# fuente de 110/15v



## jesus s (Mar 2, 2006)

hola realmente soy nuevo en esto y necesito realizar una fuente de voltaje de cc que me transformadorrme un voltaje de 110v a 15v realmente no se mucho de esto ya que apenas soy estudiante pero mi profesor me la mando a realizar y no consigo mucho materia para realizarla los que me puedan ayudar se los agradesco gracias


----------



## meledu (Mar 3, 2006)

hola migo lo que te puedo decir te puede servir para manejar tensiones ya sea elevar o reducir como en tu caso no hay nada mejor que un transformador y bueno en tu caso necesitas uno de 110v a 5v el amperaje depende de lo que quieras alimentar anque creo que estaria bien con uno de 1amperio ya luego le pones un puente de diodos rectificadores y un condensador para obtener exactamente los 5v le puedes agregar un regulador de voltaje 7805 que es muy simple de montar creo que si le expones esto a tu profe el facilmente te puede ayudar en el montaje si necesitas mas u otro tipo de ayuda solo avisas ..


----------



## Nilfred (Mar 6, 2006)

Para una fuente de 15V 1A regulada necesitas:

C2 condensador de 1µF 16V, 
IC 7815, 
C1 condensador electrolítico de 2200µF 24V,
BR puente rectificador, 
TR transformador de 110v a 19,1 V o más.

Digo 19,1 V por la caida de tensión que produce el 78xx y los 2 diodos del puente. 0.7+0.7+17.7 = 19,1. Y de ahí hasta el límite del 78xx que es 35V.

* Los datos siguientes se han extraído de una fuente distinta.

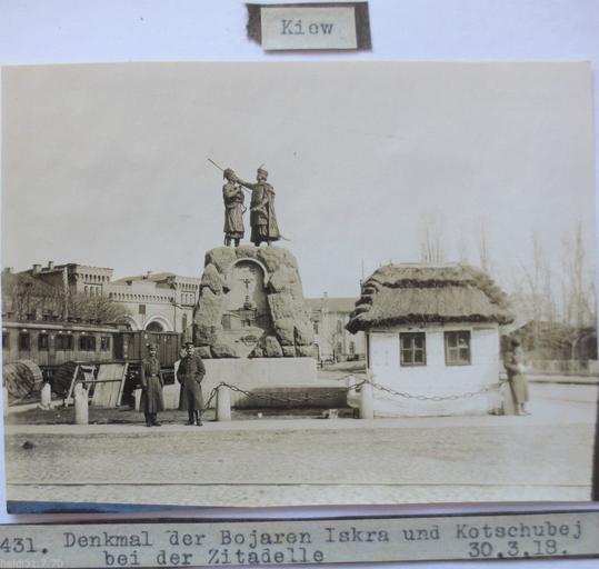 | Keywords: Ukraine, Kiew, Denkmal der Bojaren, Foto 1918.JPG en Photo of Ukraine from an album of an unknown German soldier taken during World War I de Fotos aus dem Nachlaß eines Soldaten einer Sächsischen Straßenbaukompagnie an der Ostfront Polen - Rußland - Ukraine - Weißrußland uk Світлина з облена в Ук аїні невідомим німецьким солдатом під час Пе шої світової війни 1919-01-01 00 00 http //stores ebay com/Heidi31-7-70 Unknown German soldier during and after World World I 1917 1919 other versions File Iskra and Kochubei Monument Kiev 1918 01 JPG Custom license marker 2014 10 29 PD-old-70-1996 Ukraine in World War I Life during World War I Sächsischen Straßenbaukompagnie an der Ostfront Uploaded with UploadWizard Black and white photographs of Kiev 1918 in Kiev Historical images of Kiev |

El voltaje del condensador de 2200µF debe ser superior al voltaje de la fuente.

Se puede armar todo sin placa:
En la pata central del 7815 van los (-) de los 2 condensadores, del puente BR y del cable de salida.
En la pata izquierda del 7815 va el (+) del condensador C1 y del puente.
En la pata derecha del 7815 va el (+) del condensador C2 y del cable de salida.
Las patas marcadas con (~) del puente BR van a c/u de los cables del transformador TR. Si TR tiene 3 cables hay un problemita (consultá)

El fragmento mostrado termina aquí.